Bachelor of Science (B.Sc.) & Master of Science (M.Sc.):

Available Thesis Topics

Both Bachelor and Master theses are extensive pieces of work that take full-time committment over several months. They are thus also deeply personal decisions by each student. This page lists a few topics we are currently seeking to address in the research group. If you find one of them appealing, please contact the person listed here for each project. If you have an idea of your own — one that you are passionate about, and which fits into the remit of the Chair for the Methods of Machine Learning — please feel invited to pitch your idea. To do so, first contact Philipp Hennig to make an appointment for a first meeting.

AlgoPerf Submissions (M.Sc. Project)

Supervisor: Frank Schneider

At the moment, training a contemporary deep neural network is a time-consuming and resource-intensive process, largely due to the many crucial decisions practitioners must make
regarding the underlying training algorithms (e.g. should I use SGD, ADAM, or SHAMPOO? What learning rate (schedule)? Weight decay? etc.). ALGOPERF, a benchmark (competition) measuring training speed, provides a platform to compare various algorithmic choices and thus guide practitioners meaningfully. This project aims to prepare a submission for the ALGOPERF benchmark by either implementing and tweaking existing methods or by innovatively combining them.

Possible approaches are:

Developing a self-tuning submission based on the winning external tuning submission, SHAMPOO.
Improving the winning self-tuning submission, SCHEDULE-FREE ADAMW,
e.g. by sequentially scheduling a second hyperparameter config for training the IMAGENET RESNET workload.
Benchmarking new algorithms that did not yet have a submission, e.g. ADEMAMI

Prerequisites:

(basic) experience in PyTorch or JAX
(basic) knowledge of deep learning

Uncertainty Disentanglement (Project)

Supervisor: Bálint Mucsányi

The field of uncertainty disentanglement (UD) has been steadily gaining traction in recent years. UD aims to construct multiple uncertainty estimators that are each tailored to one and only one source of uncertainty (e.g., epistemic and aleatoric uncertainty). Recently, it has been found that the most widely used uncertainty decomposition formulas fail to disentangle uncertainties. One possible reason is that the different uncertainties are all captured in the output space, which leads to high correlations. This project explores breaking these correlations by calculating the estimates at different points of the computation graph. The primary objective is to equip weight-space-based UQ methods – such as the Laplace approximation – with disentanglement capabilities by pushing the uncertainty forward to an intermediate representation for epistemic uncertainty and measuring aleatoric uncertainty in the output
space. The new approaches can be evaluated on an existing UD benchmark and compared to latent density methods.

Prerequisites:

experience with PyTorch

Bayesian exploration of synthetic datasets [lab rotation/ research project]

Supervisor: Tobias Weber

Synthetic datasets are increasingly recognized as valuable for training deep architectures. The emergence of potentially infinite data spaces introduces novel opportunities, particularly in dynamically sampling new data based on the current model’s performance. This project aims to explore Bayesian optimization techniques as a method for navigating and leveraging such expansive data spaces. We will begin with a thorough literature review to understand the landscape of Bayesian optimization in this context. The primary objective will be to compare various approaches through small-scale experiments, identifying their strengths and limitations. The insights gained are intended to inform and potentially expand into a Master's thesis on this topic.

Prerequisites:

Enthusiasm for reading and analyzing research papers.
Experience with setting up Deep Learning experiments in Jax or PyTorch.

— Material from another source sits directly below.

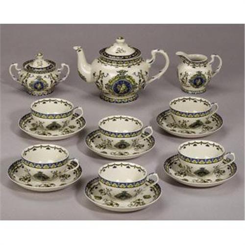 Multi-colored transferware porcelain features cherub medallion with blue border that has yellow leaf trim. Lids are removable. Dimensions: Teapot:6.5"h, 9"w, 5.5"d; Creamer:4"h, 4"w, 3.5"d; Sugar:4"h, 6"w, 4"d; Cup:2"h, 4.5"w, 4"d;
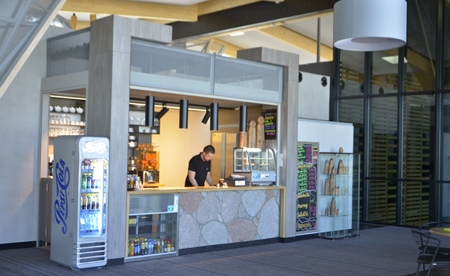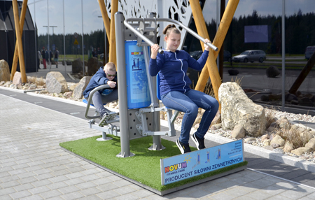 Choć nie bardzo pamięta się na lotnisku o rowerzystach, to dbałość o pasażerów jest wielka. I nie chodzi tu tylko o wygodę przed podróżą, ale i po. Oto przed terminalem zauważyliśmy przyrządy do... ćwiczeń fizycznych. Zapewne chodzi o to, by rozprostować kości po dłuższym locie (na zdjęciu na pierwszym planie ćwiczy pani Aleksandra, mieszkanka okolic). A może, by po prostu zrzucić zbędne kilogramy nie tyle po powietrznych wojażach, co wizycie w lotniskowych punktach gastronomicznych. Działa tu bowiem mała restauracyjka-bar, w której można zjeść coś na szybko – placki ziemniaczane, naleśniki albo pierogi, no i napić się kawy, herbaty lub lemoniady. Nie jest to jeszcze lokal oferujący konkretne i bardziej wyszukane dania, ale i na niego wkrótce przyjdzie pora. Rzecz w tym, że wystrój restauracji musi spełniać lotniskowe wymagania. Odpowiedni kształt muszą mieć fotele, stoliki itp., co okazało się nie takie proste i stąd opóźnienia. Obecny punkt gastronomiczny czynny jest codziennie do godz. ok. 18.00 i nieco później w soboty – do chwili przylotu ostatniego samolotu.

Sampling-free Bayesian deep learning for classification [Project]

Supervisor: Nathaël da Costa

Standard neural architectures for classification typically comprise of a neural network mapping to a Euclidean space (the logits), followed by a softmax activation function. Such architectures are then trained using the cross entropy loss. Bayesian deep learning then attempts to build a Gaussian distribution over the parameters over the neural network. For each input to the network, this results in a Gaussian distribution over the logit space, which must be pushed forward through the softmax and integrated to obtain predictive probabilities. This last step cannot be done tractably in closed form, and is thus approximated through Monte-Carlo sampling, which is computationally costly and noisy. This is an exploratory project to test different choices of last-layer activations (to replace the softmax) and losses (to replace the cross-entropy loss) that allow for closed-form approximate distributions over the predictive space, bypassing Monte-Carlo sampling.

Prerequisites:

experience with PyTorch or Jax
experience with deep learning

Accelerating Hessian-free Optimization for Physics-informed Neural Networks (M.Sc. Thesis Project)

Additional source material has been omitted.